Betsy Weis - Trees in Rows
Despite not being able to leave the house we feel like we haven’t accomplished enough, haven’t done enough work. I get emails from students stuck in quarantine in various countries. One student’s grandmother has the virus. My partner goes out to buy groceries and it takes three hours, she has to wear two masks and rubber gloves, and it takes up most of the day. We watch the television news and the numbers go up, a morbid gameshow of dread and death. The other day I heard a rumor that dolphins have returned to the canals of Venice. It made me smile, before I had another, more troubling thought: I worry more about the dolphins and their peace in a reclaimed habitat than about us returning to normal. I don’t want the motorboats and cruise ships to return to Venice. I don’t want to get back to normal. This world we have isn’t the best one we could have and certainly not made for the common good. This epidemic has the possibility of inviting us to dismantle structures built to confine and restrict, to narrow and to regulate all forms of difference, all forms of queerness, and to bring organisms on the margins to the center of the discourse. In What’s the Use? Sara Ahmed writes, “Use becomes an accumulated somatic history, a history of qualities that are acquired over time, even if what is of use now might be different from what was of use before.” Now is the time to explore those reserves of use, forgotten and sleepy in the recesses of our brains, to rearrange them and to find old ways that can be new ways, ways that reach beyond productivity, modernity, consumerism, borders, and speed. These alternative modes are in us.

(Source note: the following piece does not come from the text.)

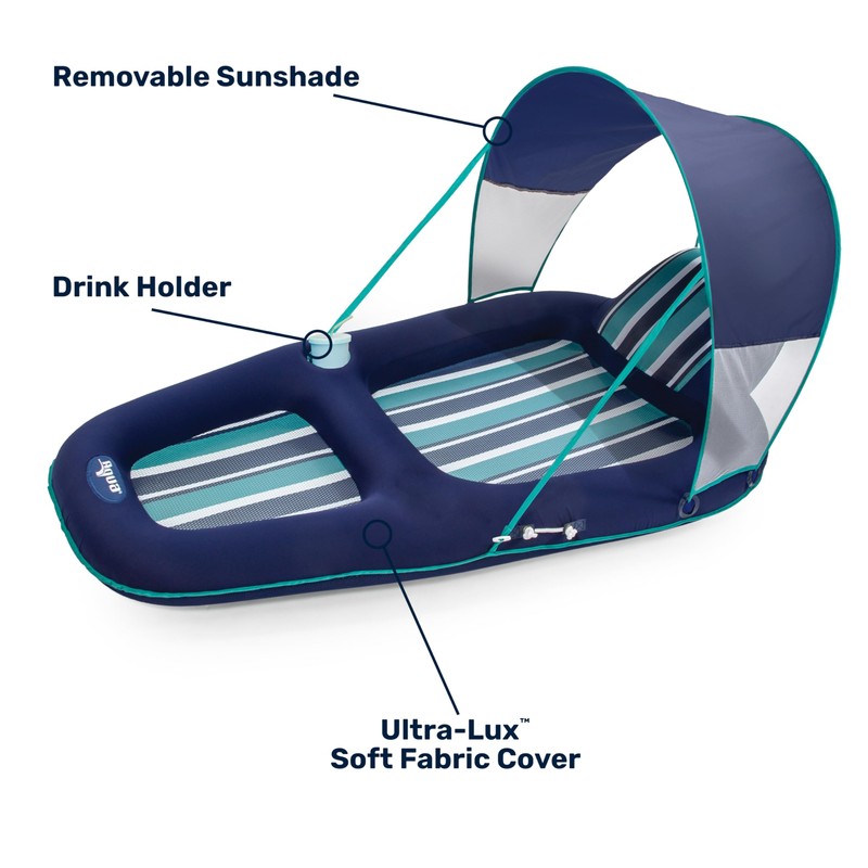 Aqua Ultimate Pool Float Lounger with UPF 50 Canopy and Cupholder – Heavy Duty, Inflatable Pool Lounge for Adults – Navy/Aqua/White Stripe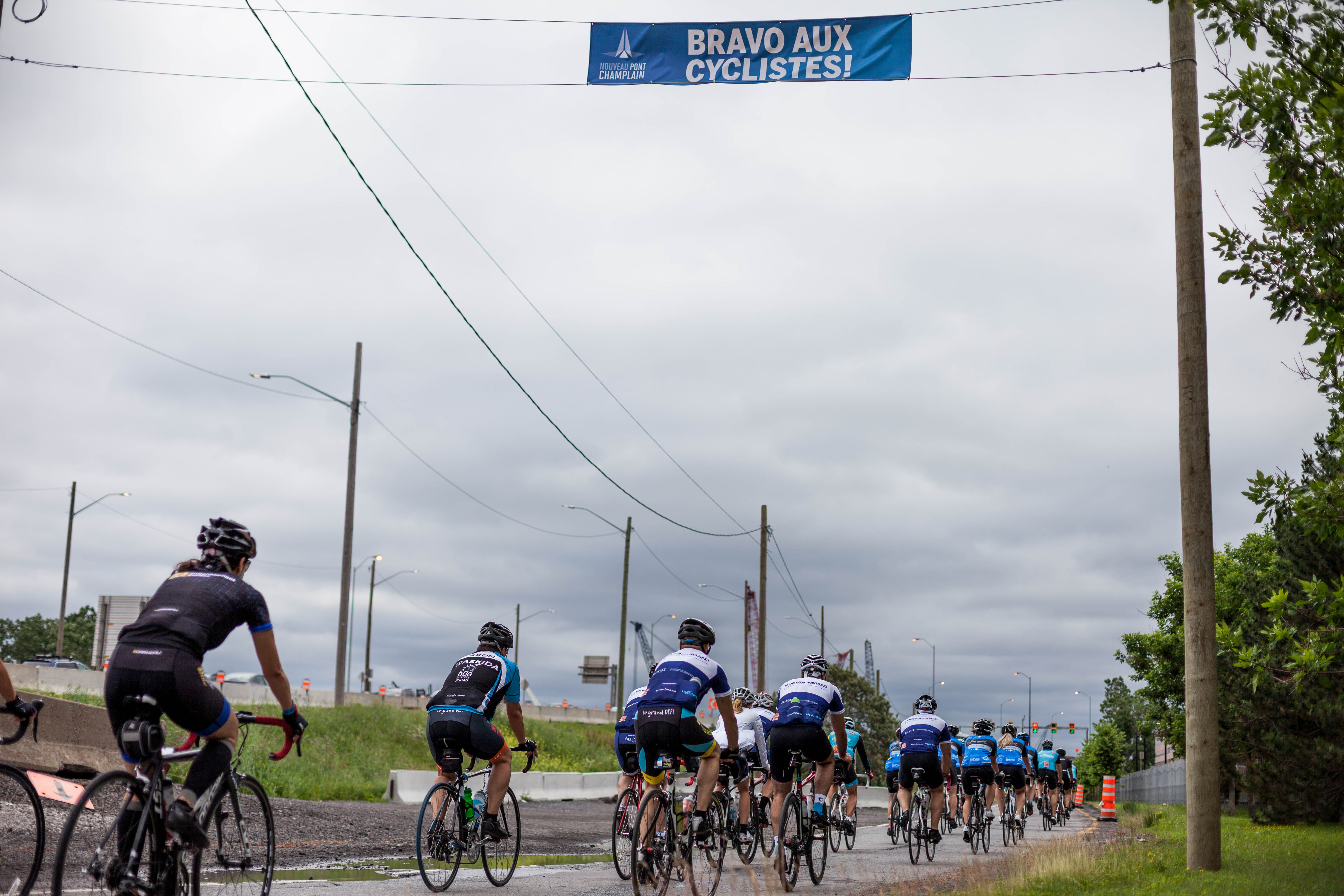 Au départ du centre-ville de Montréal, les cyclistes se sont lancés en direction de l’île en passant par l’autoroute Bonaventure. Le trajet les a amenés sur la piste cyclable, derrière Place du Commerce, puis sur l’Estacade pour les conduire du côté d’Howick.

During the quiet hours my partner and I watch DVDs that have been sitting on our shelves for years and we pick up books we’ve forgotten about. Our personal library becomes Borges’s near-infinite library—it is our world. We order vegetables online from a local farm, vegetables we have never cooked before, and we search through old cookbooks for recipes that take hours. There is no doubt that it is worth our time. The telephone rings, I rest on the couch talking to elderly relatives and friends, listening to their experiences, letting them know how much they are valued. We listen to opera and Ethiopian rock and Lucio Dalla and we dance around the living room. In the midst of all the dying and fear we have each other, we have the tools, we have enough. We finally recognize how lucky we are. The reserves are deep.